Will it prove the proverbial mustard seed from which a mighty tree would grow that would shelter Hindu society in its travail after perfection? It all depends on a succession of knight-errants being available who will carry on the search after the Holy Grail. The Brahmanic outlook on life is one of calm contemplation of the forces of nature, riding them astride and bending them to your will. In the expressive words of Jeremy Taylor, “the Brahmin has a strange evenness and untroubled passage, sliding towards his ocean of God and infinity, with a certain and silent motion.”
There is a joy in the life of Yoga. In Ranade’s words, purposeless activity is better than no activity. A regular Mahabharata will have to be fought to make the Hindu University approximate to the ideal of its architect.
I have mentioned above that birth has been the Mahamana’s destiny. He has played up to the highest traditions of the qualities that to the Brahmin are svabhavaja. Dressed in unostentatious and immaculate white with his passions subdued and his form all fire, he has never allowed the serenity born of internal harmony, the birthright of his tribe, to be obscured for long by jarring elements outside.

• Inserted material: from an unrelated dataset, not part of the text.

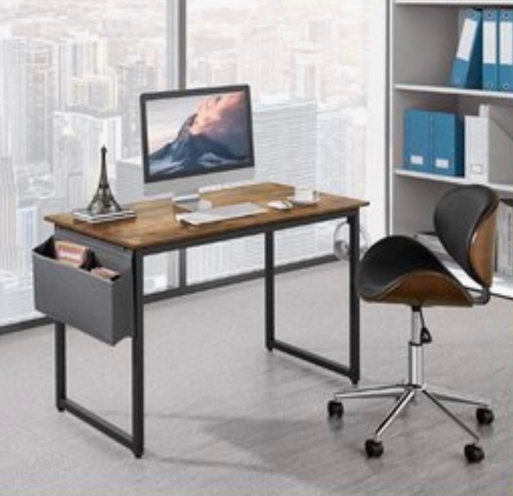 GisterenKlimop9's-Gravenhage - Sensahome bureau/tafel met opbergzakZiet er nog mooi uit! Dit is een bureau/tafel met een donkerbruin blad en zwarte metalen poten. Aan de zijkant zit een grijze stoffen opbergzak. Het blad heeft een houtnerfpatroon. 100 Breed 50 diep 7Gebruikt Ophalen of Verzenden

Huxley spoke of Gladstone as one on whose tongue the honey bee had worked the miracle when he was born. The Vyasa in Panditji sublimated to perfection, has made of him the silver-tongued, dulcet-voiced speaker of the masses.
Another result of the Vyasa habit of entering into the skins of the audience makes him simulate the emotion of the audience. If you approach Panditji with a tale of your tribulation, the death of a relative and start weeping, tears will well forth from his eyes. They are not the tears of affectation. His genuinely refined nature is so attuned to world-emotionalism that the response is instantaneous and genuine.
He stands as a block of granite in the midst of a mass of shale and conglomerate. His beautifully modelled body, every limb tingling with the pulsating harmony within, which has known the impulse without, the prolonged austerities of tapas, his loftiness of purpose, would disdain to think anything that was mean, his varied scholarship that puts him at ease amongst the scholar pilgrims to his shrine of learning, his universality of spirit that makes him a citizen of the world and the least of a chauvinist, who that has known this Shankara of the 20th century, the Tyagamurti at its highest, would fail to detect the Super Brahmin in him?
Like the peak of Kailasa, he stands,with his seventy winters, a towering spectacle clothed in the effulgence of a mass of white, like the primaeval lotus which nothing can sully, a beacon of hope often, a portent never.